Trammel v. United States, 445 U.S. 40 (1980)
Trammel v. United States
No. 78-5705
Argued October 29, 30, 1979
Decided February 27, 1980
445 U.S. 40
CERTIORARI TO THE UNITED STATES COURT OF APPEALS
FOR THE TENTH CIRCUIT
Syllabus
Prior to his trial with others on federal drug charges, petitioner advised the District Court that the Government intended to call his wife (who had been named in the indictment as an unindicted coconspirator) as an adverse witness and asserted a privilege to prevent her from testifying. The District Court ruled that confidential communications between petitioner and his wife were privileged, and therefore inadmissible, but the wife was permitted to testify to any act she observed before or during the marriage and to any communication made in the presence of a third person. Primarily on the basis of his wife’s testimony, petitioner was convicted, and the Court of Appeals affirmed, rejecting petitioner’s contention that the admission of his wife’s adverse testimony, over his objection, contravened the decision in Hawkins v. United States, 358 U.S. 74, barring the testimony of one spouse against the other unless both consent.

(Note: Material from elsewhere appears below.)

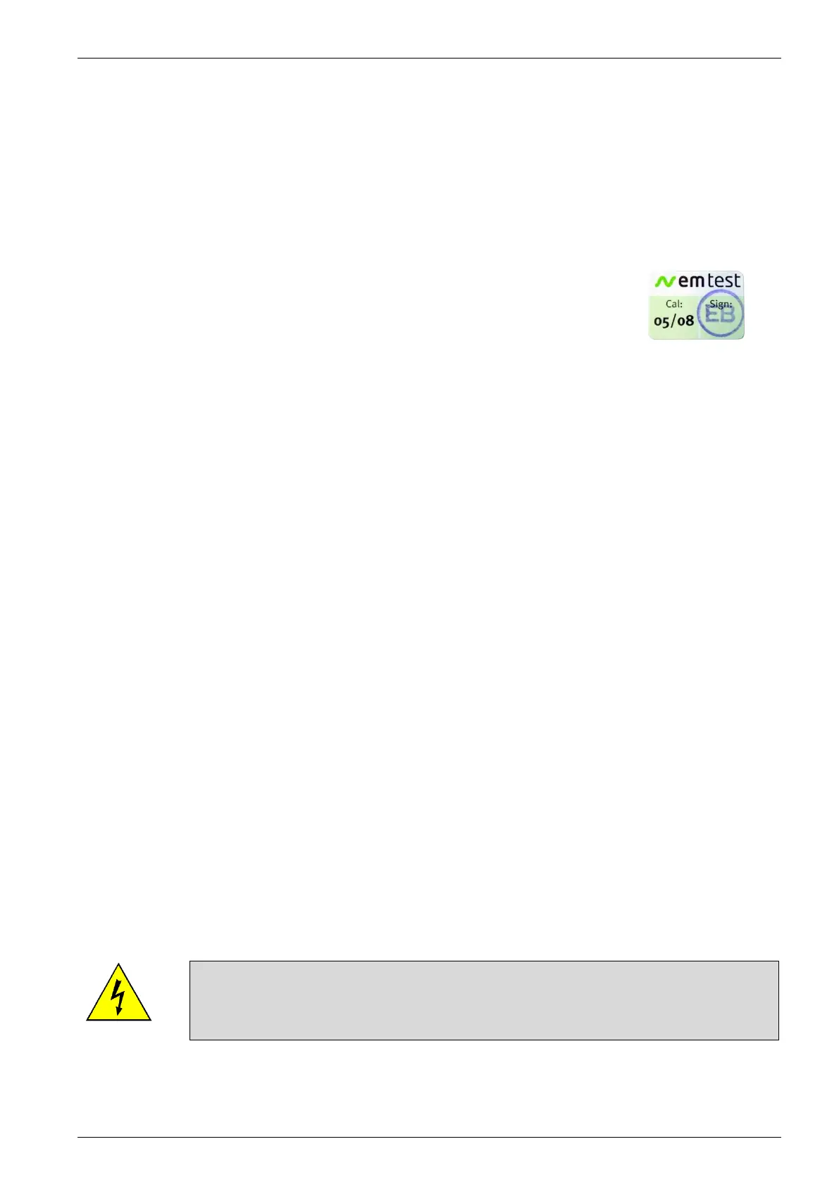The EM Test equipment are calibrated in the factory and marked with a calibration

Held: The Court modifies the Hawkins rule so that the witness-spouse alone has a privilege to refuse to testify adversely; the witness may be neither compelled to testify nor foreclosed from testifying. Here, petitioner’s spouse chose to testify against him; that she did so after a grant of immunity and assurances of lenient treatment does not render her testimony involuntary, and thus petitioner’s claim of privilege was properly rejected. Pp. 43-53.
(a) The modern justification for the privilege against adverse spousal testimony is its perceived role in fostering the harmony and sanctity of the marriage relationship. While this Court, in Hawkins, supra, reaffirmed the vitality of the common law privilege in the federal courts, it made clear that its decision was not meant to "foreclose whatever changes in the rule may eventually be dictated by `reason and experience.’" 358 U.S. at 79. Pp. 43-46.

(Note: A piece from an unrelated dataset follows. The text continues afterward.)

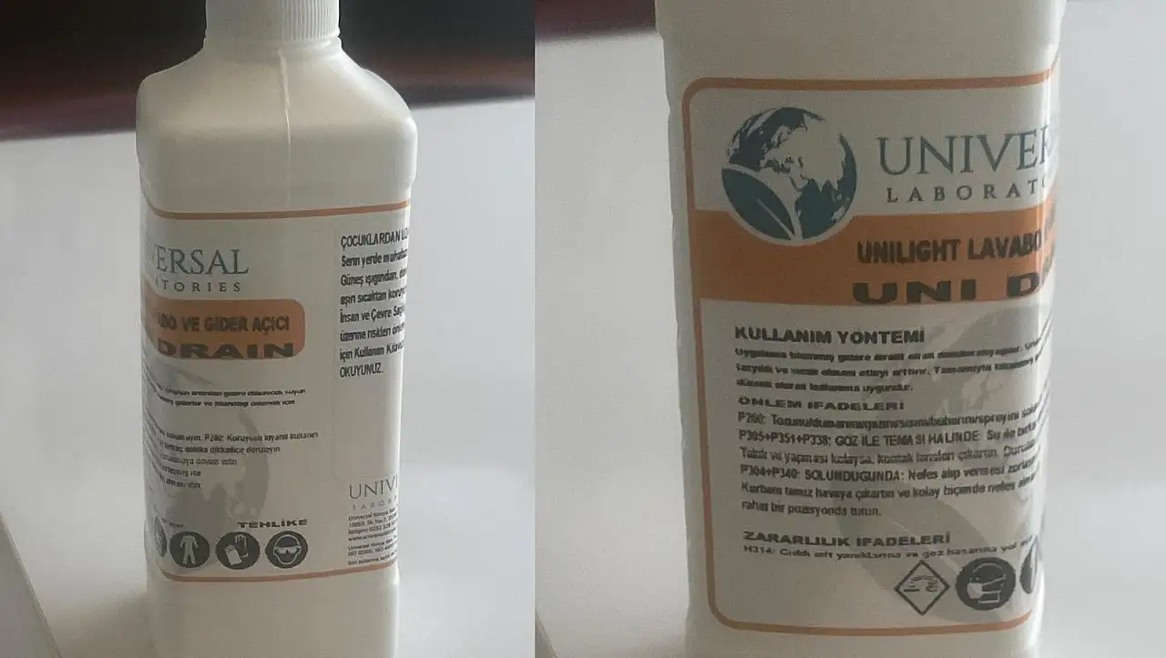 Üniversal Kimya Sanayi Ve Ticaret Anonim Şirketine ait Üniversal marka Uni Drain Unlight Lavabo Açıcı toplatılıyor. Ticaret Bakanlığı Güvensiz Ürün Bildirimleri listesinde yer alan bu ürününün kimyasal riski taşıdığı belirtiliyor. Güvensizlik nedeni, çocuk emniyetli kapatma düzeneği ile dokunsal uyarıların bulunmaması şeklinde açıklandı.

(b) Rule 501 of the Federal Rules of Evidence acknowledges the federal courts’ authority to continue the evolutionary development of testimonial privileges in federal criminal trials "governed by the principles of the common law as they may be interpreted . . . in the light of reason and experience." P. 47.
(c) Since 1958, when Hawkins was decided, the trend in state law has been toward divesting the accused of the privilege to bar adverse spousal testimony. Pp. 48-50.

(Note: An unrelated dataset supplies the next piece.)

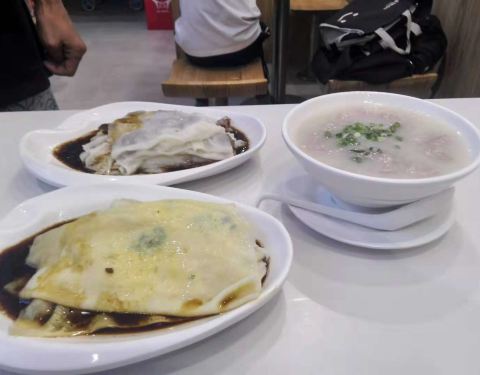 肠粉软滑不粘牙,粥绵滑,味道稍淡但健康,我喜欢。

(d) Information privately disclosed between husband and wife in the confidence of the marital relationship is privileged under the independent rule protecting confidential marital communications, Blau v. United States, 340 U.S. 332; and the Hawkins privilege, which sweeps more broadly than any other testimonial privilege, is not limited to confidential communications, but is invoked to also exclude evidence of criminal acts and of communications in the presence of third persons. The ancient foundations for so sweeping a privilege -- whereby a woman was regarded as a chattel and denied a separate legal identity -- have long since disappeared, and the contemporary justification for affording an accused such a privilege is unpersuasive. When one spouse is willing to testify against the other in a criminal proceeding -- whatever the motivation -- there is probably little in the way of marital harmony for the privilege to preserve. Consideration of the foundations for the privilege and its history thus shows that "reason and experience" no longer justify so sweeping a rule as that found acceptable in Hawkins. Pp. 50-53.
583 F.2d 1166, affirmed.
BURGER, C.J., delivered the opinion of the Court, in which BRENNAN, WHITE, MARSHALL, BLACKMUN, POWELL, REHNQUIST, and STEVENS, JJ., joined. STEWART, J., filed an opinion concurring in the judgment, post, p. 53.